#### Provided records ####

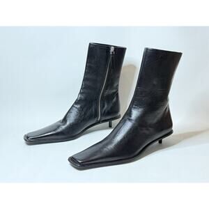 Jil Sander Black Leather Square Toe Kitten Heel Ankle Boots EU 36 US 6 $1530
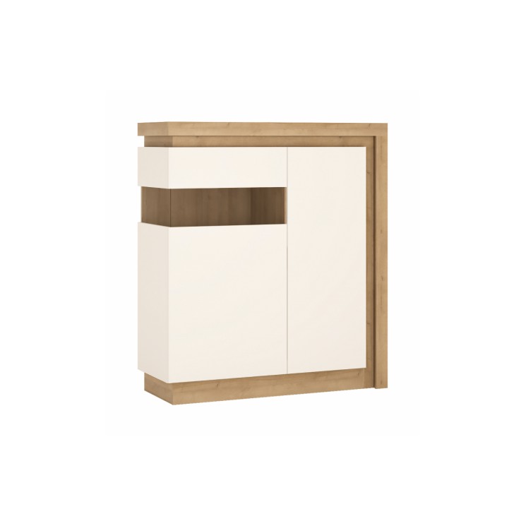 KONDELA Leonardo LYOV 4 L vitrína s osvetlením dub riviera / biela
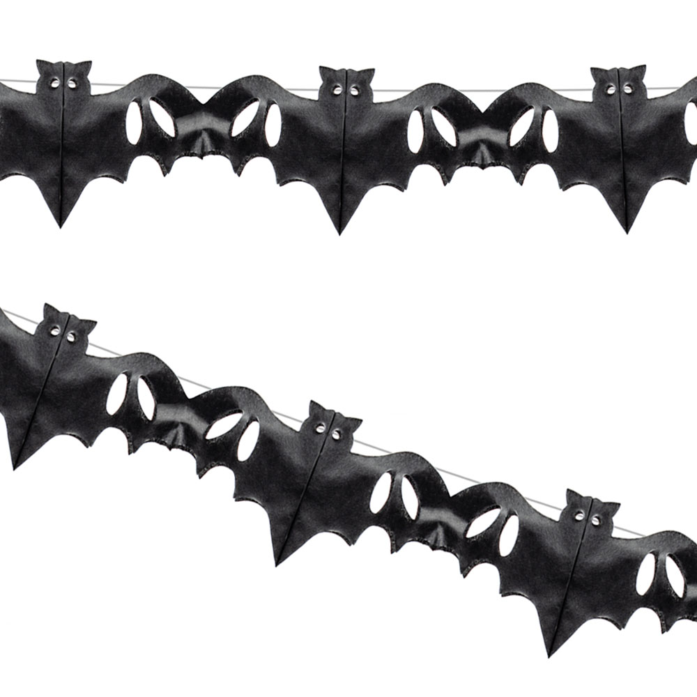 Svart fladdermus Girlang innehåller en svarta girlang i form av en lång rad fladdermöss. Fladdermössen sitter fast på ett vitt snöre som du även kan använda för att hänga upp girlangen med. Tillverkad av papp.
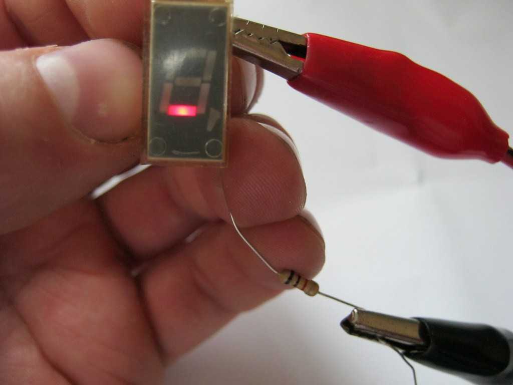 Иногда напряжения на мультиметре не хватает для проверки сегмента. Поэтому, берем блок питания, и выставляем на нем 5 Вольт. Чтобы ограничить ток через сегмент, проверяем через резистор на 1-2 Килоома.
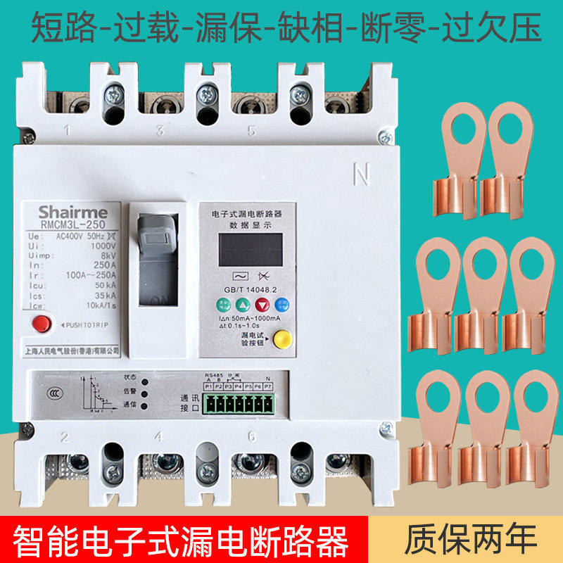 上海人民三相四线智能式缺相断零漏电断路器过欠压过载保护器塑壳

####

### [What needs to be done]
Print exactly the lines between the line containing "Иногда напряжения на" and the last line of the entries above, including both, and nothing besides; skip the pictures.

### [Result of the task]
 Иногда напряжения на мультиметре не хватает для проверки сегмента. Поэтому, берем блок питания, и выставляем на нем 5 Вольт. Чтобы ограничить ток через сегмент, проверяем через резистор на 1-2 Килоома.
 上海人民三相四线智能式缺相断零漏电断路器过欠压过载保护器塑壳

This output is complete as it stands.